Data entries
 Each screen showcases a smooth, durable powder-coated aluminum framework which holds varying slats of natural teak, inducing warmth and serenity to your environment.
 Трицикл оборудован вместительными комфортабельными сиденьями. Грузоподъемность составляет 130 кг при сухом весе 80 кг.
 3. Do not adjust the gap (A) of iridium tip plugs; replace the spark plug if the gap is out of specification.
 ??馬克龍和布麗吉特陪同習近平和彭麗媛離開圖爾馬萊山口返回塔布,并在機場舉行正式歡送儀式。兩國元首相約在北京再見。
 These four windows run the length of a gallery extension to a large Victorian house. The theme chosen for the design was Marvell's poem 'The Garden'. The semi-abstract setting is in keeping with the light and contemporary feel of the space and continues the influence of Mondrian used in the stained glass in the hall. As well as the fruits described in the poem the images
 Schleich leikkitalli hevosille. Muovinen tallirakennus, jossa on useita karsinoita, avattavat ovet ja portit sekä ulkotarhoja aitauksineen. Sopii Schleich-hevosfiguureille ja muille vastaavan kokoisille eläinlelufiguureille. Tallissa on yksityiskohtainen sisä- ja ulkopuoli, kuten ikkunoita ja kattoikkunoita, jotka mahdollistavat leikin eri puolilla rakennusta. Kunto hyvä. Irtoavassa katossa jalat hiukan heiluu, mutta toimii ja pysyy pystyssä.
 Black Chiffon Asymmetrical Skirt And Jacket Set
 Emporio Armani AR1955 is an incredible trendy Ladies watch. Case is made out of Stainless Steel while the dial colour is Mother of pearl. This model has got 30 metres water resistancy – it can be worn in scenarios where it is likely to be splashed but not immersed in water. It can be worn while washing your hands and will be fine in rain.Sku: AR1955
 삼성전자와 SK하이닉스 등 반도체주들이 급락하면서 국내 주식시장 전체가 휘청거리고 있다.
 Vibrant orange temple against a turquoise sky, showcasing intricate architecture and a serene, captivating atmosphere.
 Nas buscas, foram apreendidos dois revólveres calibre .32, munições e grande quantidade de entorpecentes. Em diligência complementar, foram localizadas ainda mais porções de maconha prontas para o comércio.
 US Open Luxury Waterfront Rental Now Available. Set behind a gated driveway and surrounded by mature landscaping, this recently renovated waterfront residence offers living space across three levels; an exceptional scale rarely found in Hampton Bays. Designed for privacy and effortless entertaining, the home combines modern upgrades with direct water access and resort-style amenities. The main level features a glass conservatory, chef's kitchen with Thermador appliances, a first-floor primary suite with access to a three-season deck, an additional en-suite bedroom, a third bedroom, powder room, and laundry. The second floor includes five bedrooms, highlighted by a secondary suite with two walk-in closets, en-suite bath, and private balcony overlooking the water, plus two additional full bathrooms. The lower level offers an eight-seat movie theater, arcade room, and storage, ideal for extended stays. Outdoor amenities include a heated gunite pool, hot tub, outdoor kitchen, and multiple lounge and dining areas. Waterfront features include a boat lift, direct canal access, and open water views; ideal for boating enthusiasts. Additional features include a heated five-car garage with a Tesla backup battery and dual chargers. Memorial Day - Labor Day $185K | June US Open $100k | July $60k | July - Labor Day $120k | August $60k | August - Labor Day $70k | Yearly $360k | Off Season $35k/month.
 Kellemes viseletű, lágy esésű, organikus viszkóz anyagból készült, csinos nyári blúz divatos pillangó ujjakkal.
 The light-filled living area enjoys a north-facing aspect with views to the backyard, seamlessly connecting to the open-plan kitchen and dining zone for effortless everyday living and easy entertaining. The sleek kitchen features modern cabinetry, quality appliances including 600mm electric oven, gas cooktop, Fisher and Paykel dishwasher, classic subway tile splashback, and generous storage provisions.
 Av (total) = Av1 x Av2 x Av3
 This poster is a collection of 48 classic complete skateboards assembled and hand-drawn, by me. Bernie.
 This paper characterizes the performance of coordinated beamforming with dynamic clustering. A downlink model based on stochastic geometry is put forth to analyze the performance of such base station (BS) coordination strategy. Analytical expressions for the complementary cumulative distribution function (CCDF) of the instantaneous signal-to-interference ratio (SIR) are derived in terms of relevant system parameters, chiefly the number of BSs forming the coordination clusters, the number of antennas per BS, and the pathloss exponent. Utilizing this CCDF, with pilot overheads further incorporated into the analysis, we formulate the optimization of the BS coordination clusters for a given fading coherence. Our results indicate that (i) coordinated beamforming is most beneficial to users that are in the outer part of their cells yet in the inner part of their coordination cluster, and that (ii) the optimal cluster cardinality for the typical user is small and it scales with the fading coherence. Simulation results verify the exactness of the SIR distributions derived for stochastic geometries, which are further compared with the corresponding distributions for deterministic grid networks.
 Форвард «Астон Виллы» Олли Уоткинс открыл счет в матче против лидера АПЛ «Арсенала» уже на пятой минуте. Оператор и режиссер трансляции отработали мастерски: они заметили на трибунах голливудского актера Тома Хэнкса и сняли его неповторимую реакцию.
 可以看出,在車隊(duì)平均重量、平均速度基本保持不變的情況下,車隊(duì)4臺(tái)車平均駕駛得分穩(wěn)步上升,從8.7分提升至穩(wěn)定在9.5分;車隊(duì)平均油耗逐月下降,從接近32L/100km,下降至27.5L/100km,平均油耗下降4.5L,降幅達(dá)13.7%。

### Activity
For each line above that includes "classic", copy the line.

### Result of this task
 The light-filled living area enjoys a north-facing aspect with views to the backyard, seamlessly connecting to the open-plan kitchen and dining zone for effortless everyday living and easy entertaining. The sleek kitchen features modern cabinetry, quality appliances including 600mm electric oven, gas cooktop, Fisher and Paykel dishwasher, classic subway tile splashback, and generous storage provisions.
 This poster is a collection of 48 classic complete skateboards assembled and hand-drawn, by me. Bernie.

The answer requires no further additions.